One of the people predicting a real slow-down is Jim Cramer, who states in his latest New York Magazine column that:
In the past half-dozen years, the major brokerages in New York added hundreds of thousands of jobs in three areas: mortgage-bond sales and trading, private equity, and prime brokerage (the management of hedge funds’ brokerage accounts). Each has grown by leaps and bounds each year. Now all three are frozen. There are no mortgages to package and sell and no clients who want them. The private-equity deals are all hung. And the way I see it, the hedge-fund business is liable to be cut in half by the chain of mismarking and redemptions. I think that many of these firms have as many as 30 percent more people than they need right now in these departments, and all of them will be cashiered by the end of the year. The lists are being drawn up; the HR people notified. Not too close to the holidays, please! And for those who are left, sorry, no bonuses. The money was all eaten up by severances. Unlike other times on Wall Street, the jobs will dry up across the board, because so many firms have beefed up the same divisions. This time, get laid off at Bear, no walking across the street to Lehman. The departed will be cut off from billions in disposable income that fuel the New York economy.

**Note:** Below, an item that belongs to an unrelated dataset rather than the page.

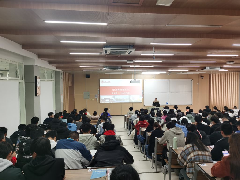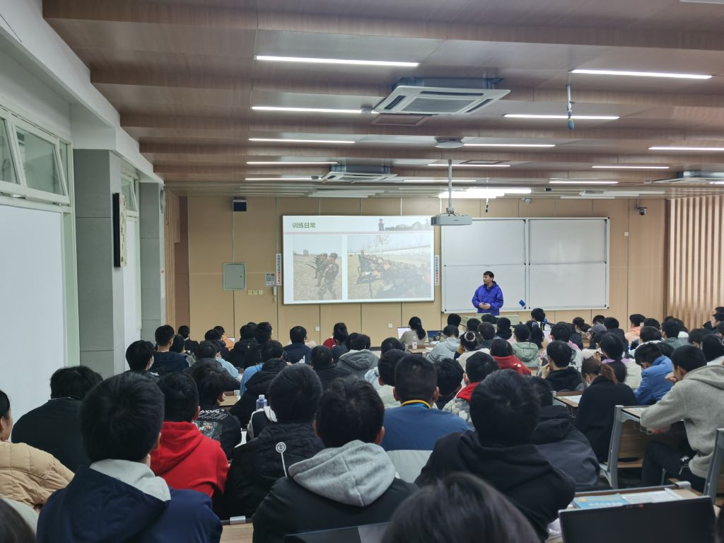 讲座之初,由王承宇率先发言。他曾服役于中国人民武装警察部队且获多项荣誉。他首先就“为何要从军”的话题,从实践爱国情怀、履行从军义务、磨练个人品格等方面进行了深入浅出的分享。他认为,从军是收获宝贵的战友情谊、磨炼坚毅的斗志和顽强的品格、实现以身报国伟大理想的大好机遇。同时,政府及我校为入伍大学生提供了诸多优惠条件,如津贴补助、创业补贴、学费全免、助学贷款偿还、考研加分、优先转专业……凡此种种,不一而足。这是祖国、人民、学校“希望寄予青年”的实际表现。然后,王承宇耐心解答了同学们关于参军的相关问题,并向踊跃提问者发放了纪念品。他希望同学们的青春岁月在无私奉献中愈加珍贵,强军报国,不负韶华,不负党和人民的殷切期望。

A little dramatic, but Cramer does have a few good points. There is less pressure on Wall Street firms to dramatically up the ante by doling out big bucks. Since a record number of Big Hitters was reached in June after a record round of hiring, there isn’t much pressure on the Street to recruit, or for firms to differentiate themselves with comp. In fact, it’s the opposite. You’re stuck at the party, and if you haven’t received an invite, you’re unlikely to crash, as hiring freezes are in effect at a number of firms.
Getting laid off, or *only* getting a bonus in the low six-figures is better than losing your roof, or displacing a whole chunk of SoCal. Here’s Cramer again, pulling an opposite Robin Williams (“it is your fault…it is your fault”):
I fear that the pain and contractions in the housing and credit markets could cause as many as 7 million homeowners who bought houses in the past few years to flee or be tossed from their dwellings, even if the rest of the stock market thrives. It’s why I went off the reservation and screamed about this problem on television the other day (my latest unhinged rant). I see what could go wrong. I see how the forgotten man gets forgotten, and I feel helpless because I don’t see anyone doing a whole hell of a lot about it.
Sure Tom Joad may have overstated his income by just a smidge and not read his credit agreement to begin with (it didn’t hurt that Rosasharn was the loan offier), but if nothing else, you should carry the guilt of his impending trip back to the dust bowl with you.